[[ Data for this exercise, beginning ]]

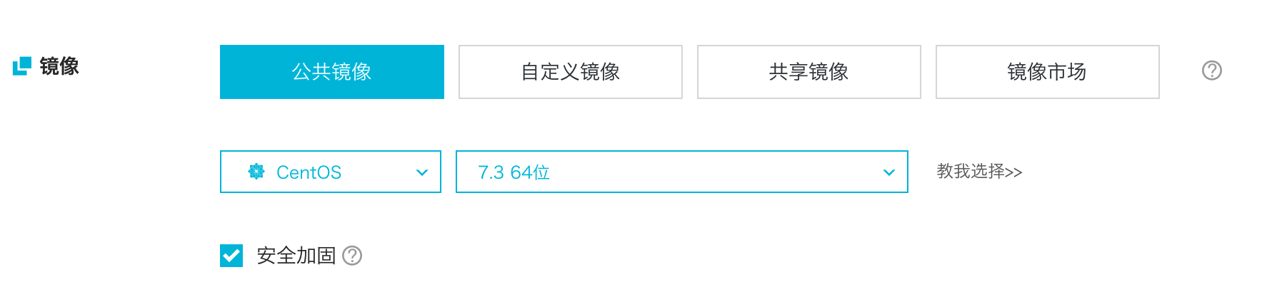 公共镜像:是由阿里云官方提供公共基础镜像,仅包括初始系统环境。请根据您的实际情况自助配置应用环境或相关软件配置。
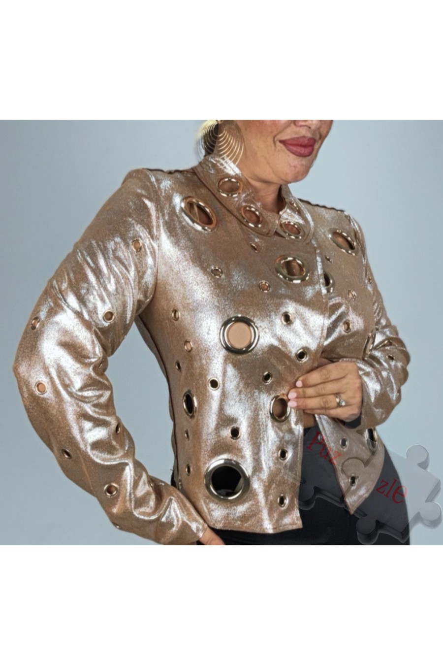 Chaqueta metalizada en tono cobre con arandelas doradas , disponible en tallas
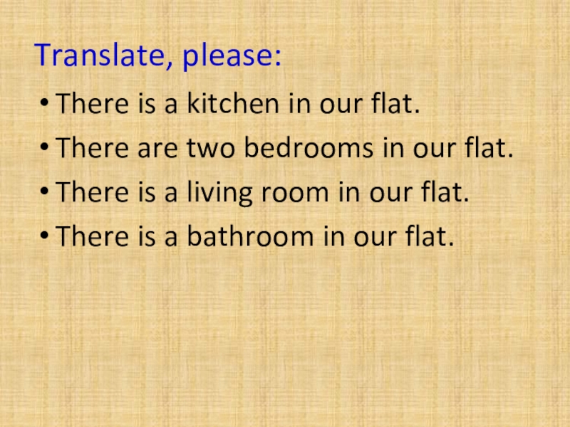 Translate, please:There is a kitchen in our flat.There are two bedrooms in our flat.There is a living
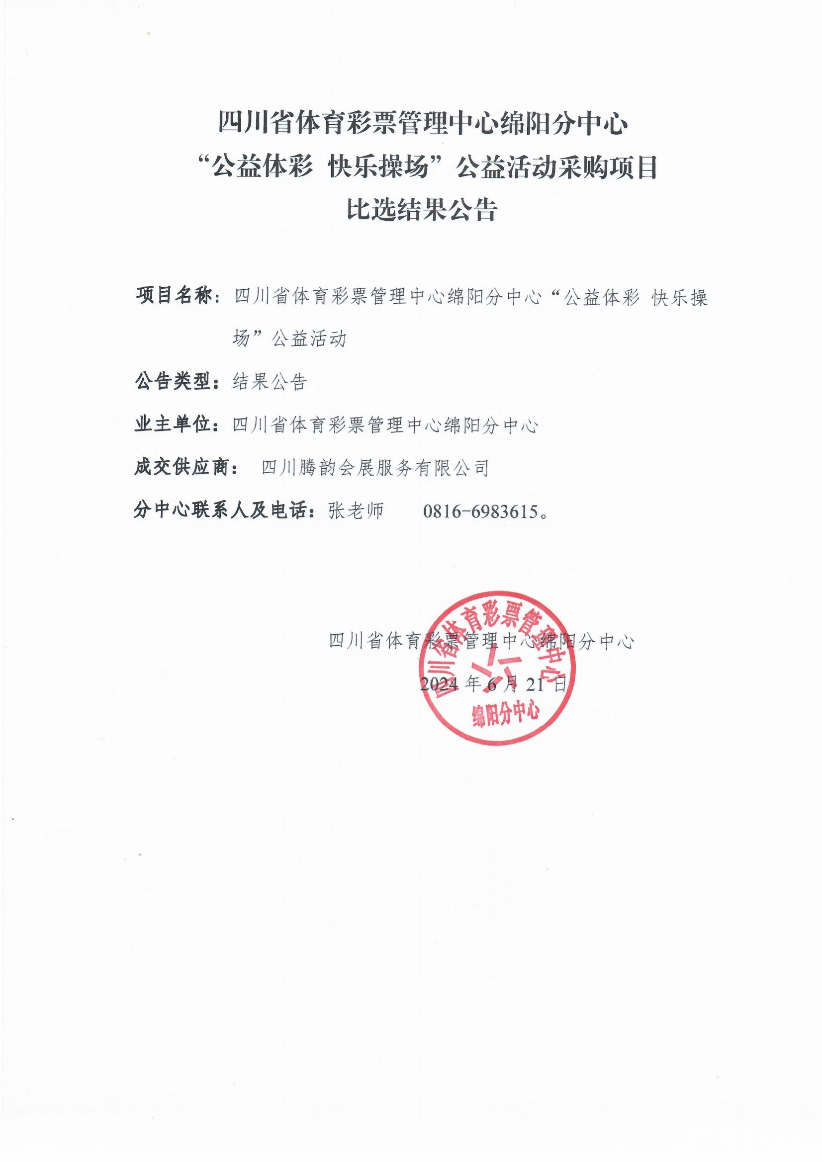 四川省體育彩票管理中心綿陽分中心“公益體彩快樂操場”公益活動采購項目比選結(jié)果公告
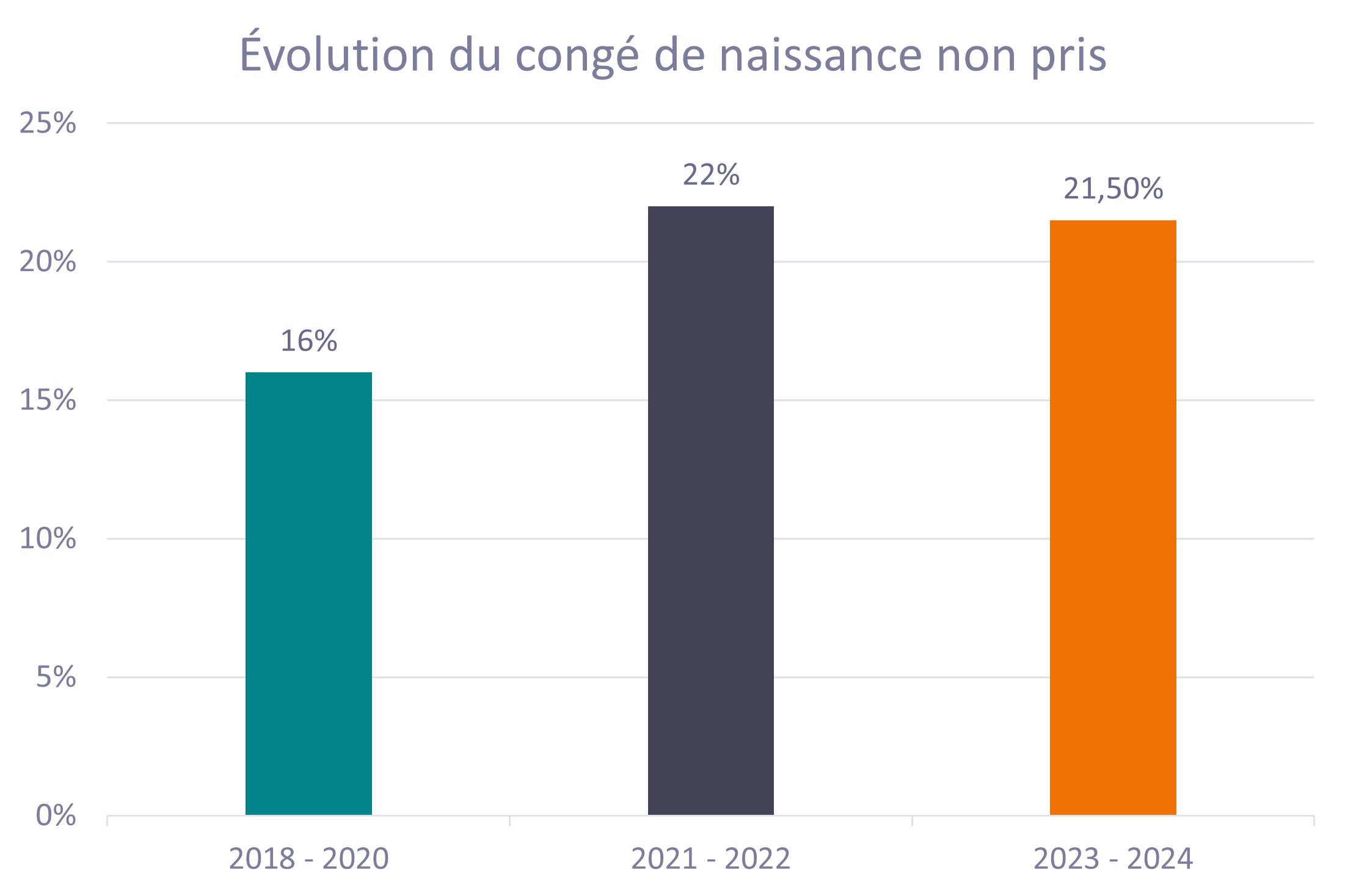 À partir de 2021, lors de l’allongement du congé de naissance à quinze jours, le pourcentage de pères et de coparentes qui y ont renoncé est passé à 22%. Même après l’allongement du congé de naissance à vingt jours, en 2023, plus d’un cinquième des pères et des coparentes (21,5%) n’ont pas pu ou n’ont pas voulu le prendre dans son intégralité.
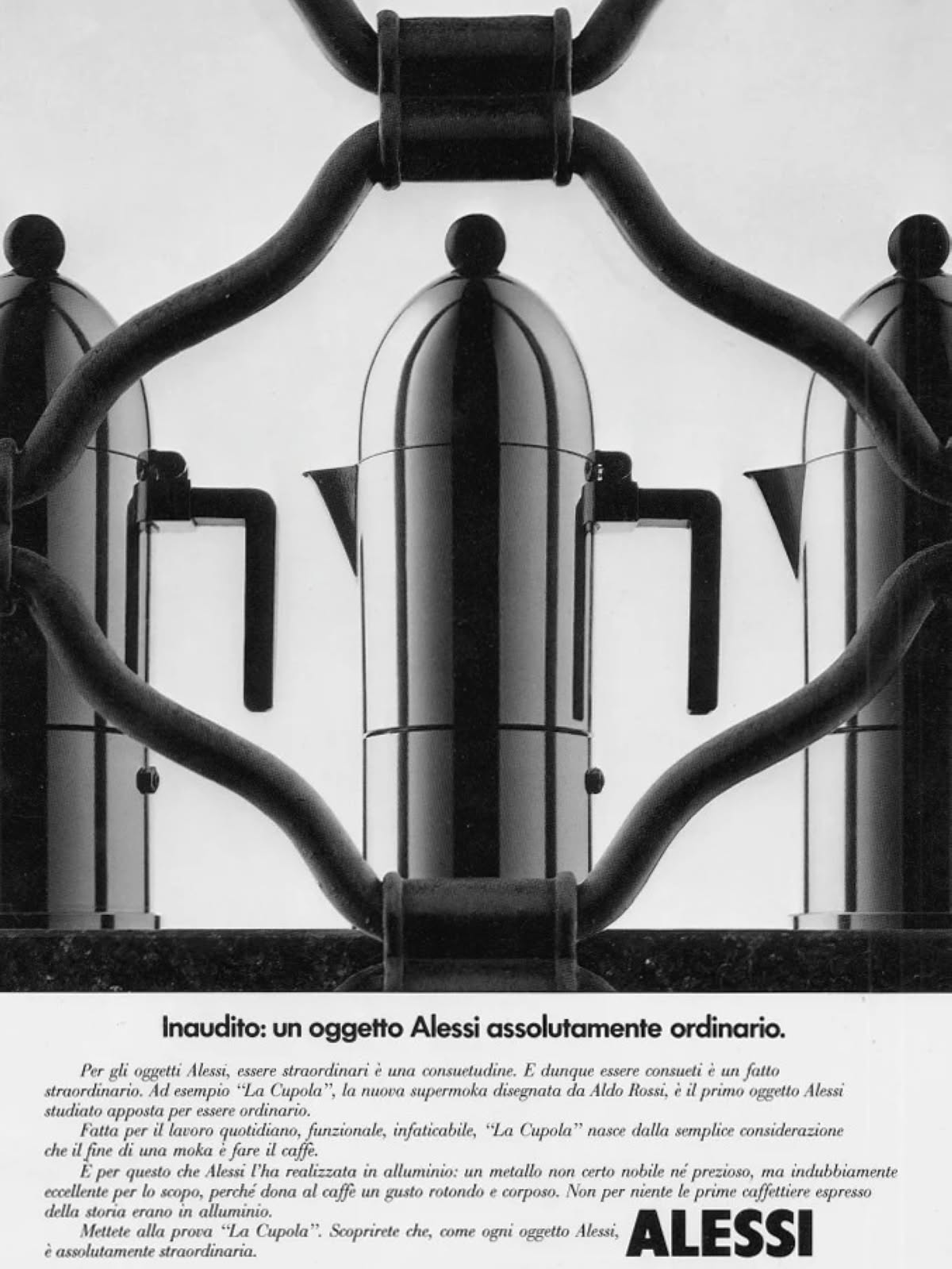 Alessi A9095/6 B La Cupola Caffettiera espresso 6 tazze Nero è la caffettiera di design in fusione di alluminio. Manico e pomolo in resina termoplastica, nero. 6 tazze. La cupola è la caffettiera disegnata da Aldo Rossi nel 1988. Nata dal desiderio dell'autore di creare una caffettiera alla portata di tutti, dimostra la capacità di sintonizzarsi sui gusti del pubblico propria dei grandi designer: una caffettiera moka “per tutti”, in un bell’alluminio che scalda il gusto del caffè all’italiana, ottenendo in effetti un grande successo di pubblico, è una piccola architettura da tavola con il tetto a cupola. Un oggetto funzionale e al tempo stesso bello da vedere, un'icona dell'industrial design contemporaneo con il quale preparare e servire un ottimo caffè. Con le sue linee ricercate ma allo stesso tempo semplice e leggere, La cupola è una vera e propria caffettiera di design, e simboleggia l'equilibrio tra estetica e funzionalità promosso da Alessi.

[[ Data for this exercise, end ]]

> **Task description**
Nothing but the exact text of the records should appear in your answer, with no pictures. Please write it out.

> **Response to the task**
 公共镜像:是由阿里云官方提供公共基础镜像,仅包括初始系统环境。请根据您的实际情况自助配置应用环境或相关软件配置。
 Chaqueta metalizada en tono cobre con arandelas doradas , disponible en tallas
 Translate, please:There is a kitchen in our flat.There are two bedrooms in our flat.There is a living
 四川省體育彩票管理中心綿陽分中心“公益體彩快樂操場”公益活動采購項目比選結(jié)果公告
 À partir de 2021, lors de l’allongement du congé de naissance à quinze jours, le pourcentage de pères et de coparentes qui y ont renoncé est passé à 22%. Même après l’allongement du congé de naissance à vingt jours, en 2023, plus d’un cinquième des pères et des coparentes (21,5%) n’ont pas pu ou n’ont pas voulu le prendre dans son intégralité.
 Alessi A9095/6 B La Cupola Caffettiera espresso 6 tazze Nero è la caffettiera di design in fusione di alluminio. Manico e pomolo in resina termoplastica, nero. 6 tazze. La cupola è la caffettiera disegnata da Aldo Rossi nel 1988. Nata dal desiderio dell'autore di creare una caffettiera alla portata di tutti, dimostra la capacità di sintonizzarsi sui gusti del pubblico propria dei grandi designer: una caffettiera moka “per tutti”, in un bell’alluminio che scalda il gusto del caffè all’italiana, ottenendo in effetti un grande successo di pubblico, è una piccola architettura da tavola con il tetto a cupola. Un oggetto funzionale e al tempo stesso bello da vedere, un'icona dell'industrial design contemporaneo con il quale preparare e servire un ottimo caffè. Con le sue linee ricercate ma allo stesso tempo semplice e leggere, La cupola è una vera e propria caffettiera di design, e simboleggia l'equilibrio tra estetica e funzionalità promosso da Alessi.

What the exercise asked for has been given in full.